Let a possible being mean a being whose existence is not self-contradictory, that may or may not be necessary.


Let an impossible being mean a being that is self-contradictory.


Let a necessary being mean a being whose opposite is a contradiction; that is a necessary being is one which cannot be conceived not to be, and one whose reason for being is self-sufficient.


Let a contingent being mean a being whose opposite is not a contradiction, that is a contingent being is one which can be conceived of as not existing, and one whose reason is not self-sufficient.


If there are possible beings, they have a reason sufficient to explain them—either as a necessary being, that being self-sufficient or as a contingent being, that needing a reason outside of itself. (principle of sufficient reason).


There cannot be an infinity of contingent beings (law against infinite regress with the definition of a contingent being).


Either all beings are necessary, or there are both contingent and necessary beings (follows from the above premise).


Therefore, if there are possible beings, there are necessary beings (follows from the above premise).


If there were no possible beings, then all beings would be impossible; that is, they would be self-contradictory (by definition).


Impossible beings do not exist. (law of noncontradiction and the definition of an impossible being).


If impossible beings do not exist, neither does an argument claiming that nothing exists (follows from the above premise, and the assumption that there are no possible beings).


This argument would not be an argument. (follows from the above premise).

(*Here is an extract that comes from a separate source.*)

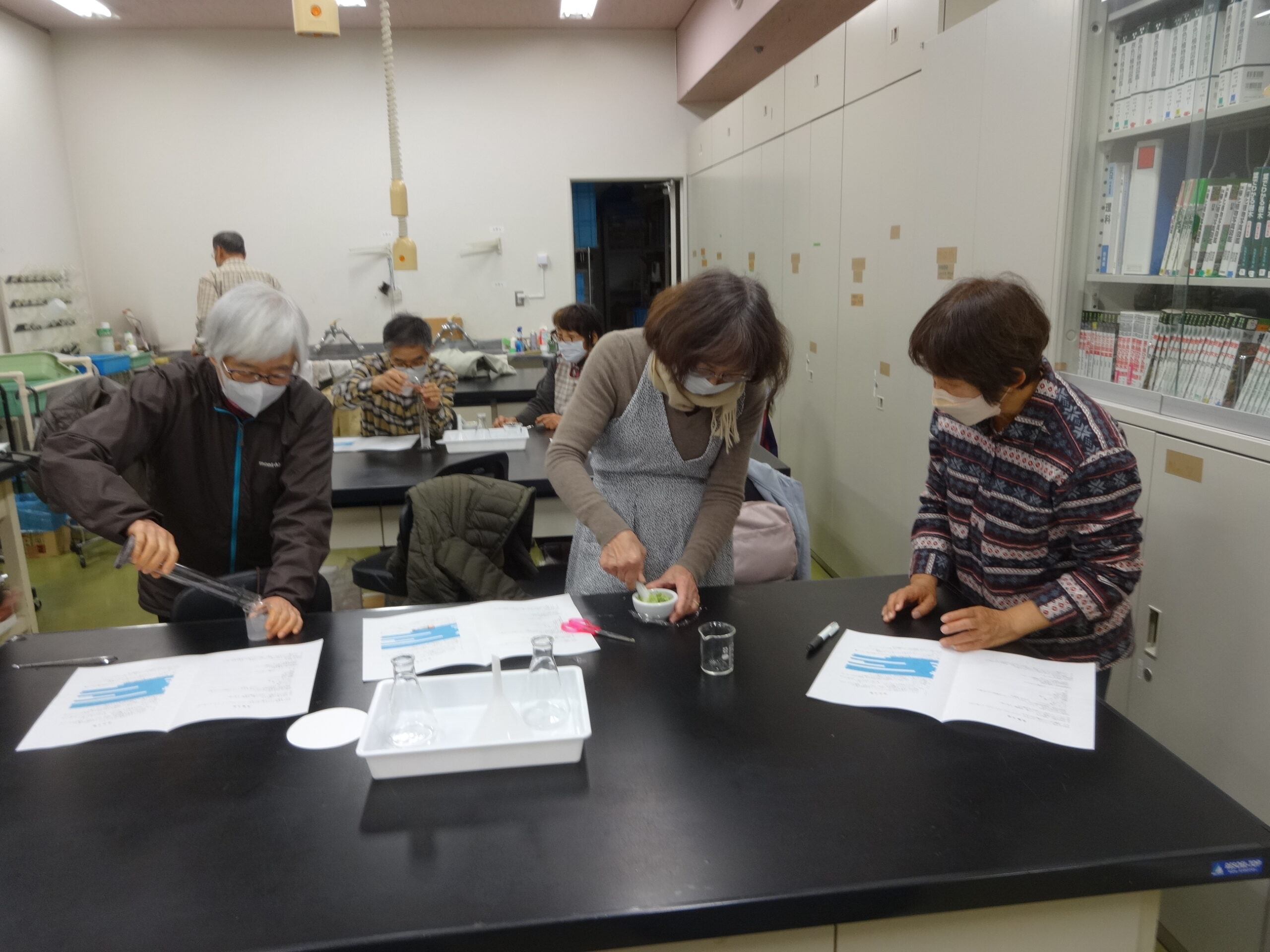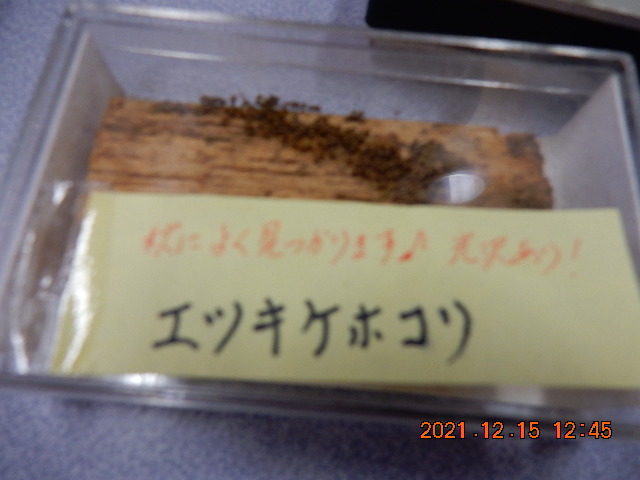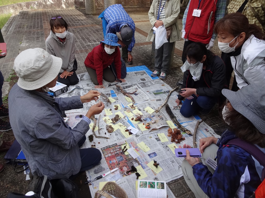 午後はふれあいの森の中を観察と採集にスタート。今は見つかる数が少ない時期にあたるが気持ちは前向きにと森の中に入って行った。シイタケ栽培木に付いている個体を見つけた「ムラサキホコリ」と同定やったー!それから木をひっくり返しひっくり返して見つけたと判定はキノコです・・・残念!ひたすら朽ちた倒木を探し回るのはまるで宝探しのようです。見つかるのはほぼキノコ類でロクショウグレラキンとかヤマンバノカミノケなど変な名前のキノコでした。教室に戻って先生持参くださった個体を顕微鏡で観察し子実体の形態の不思議、美しさや動いているのに講座生も更に興味が湧きました。粘菌ロボットや粘菌コンピューターのへの開発が模索されようとしている。ぜひ期待したいと結びました。(hiro)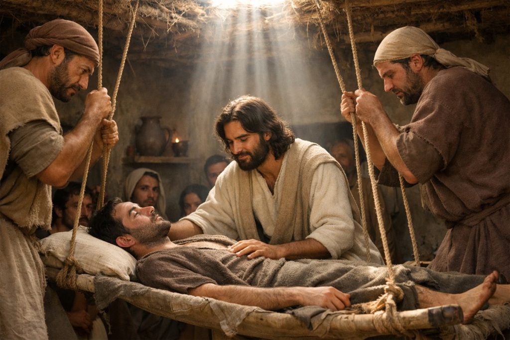 Lectura del santo evangelio según san Marcos (2,1-12): Cuando a los pocos días volvió Jesús a Cafarnaún, se supo que estaba en casa. Acudieron tantos que no quedaba sitio ni a la puerta. Él les proponía la palabra. Llegaron cuatro llevando un paralítico y, como no podían meterlo por el gentío, levantaron unas tejas encima…

An argument that is not an argument is absurd. (law of noncontradiction).


Therefore, possible beings exist because they involve no contradiction (law on noncontradiction and the absurdity which follows from the above premise).


Therefore, necessary beings exist (follows from the premise seven above and the above premise).


    Some explanation of terminology is required to understand this argument, and so it may be helpful to begin with the axioms. The three axioms in this argument are the law of noncontradiction, the law against infinite regress, and the principle of sufficient reason. The law of noncontradiction states that nothing can be and not be in the same time and in the same respect. For instance, I might not have existed before 1973 while I might exist now, but I cannot both exist and not exist now in the same respect. Though, I may not exist as a professor of philosophy now but do exist as an aspiring philosopher, the respects to which I exist and do not exist are different respects. The law does not forbid that I exist as an aspiring philosopher and not exist as a professor of philosophy, but it would forbid that I was right now both an aspiring philosopher and not an aspiring philosopher. The second axiom, the law against infinite regress, states that there cannot be an infinity of reasons for something. You cannot ask "why" forever. The third axiom, the principle of sufficient reason, states that for anything which is, there must be a reason sufficient to explain it. While the law against infinite regress forbids an infinite number of "why"s, the principle of sufficient reason seems to say that at least one "why" must be appropriate. You need not agree with the axioms right now, but they are the focal assumption points of the argument.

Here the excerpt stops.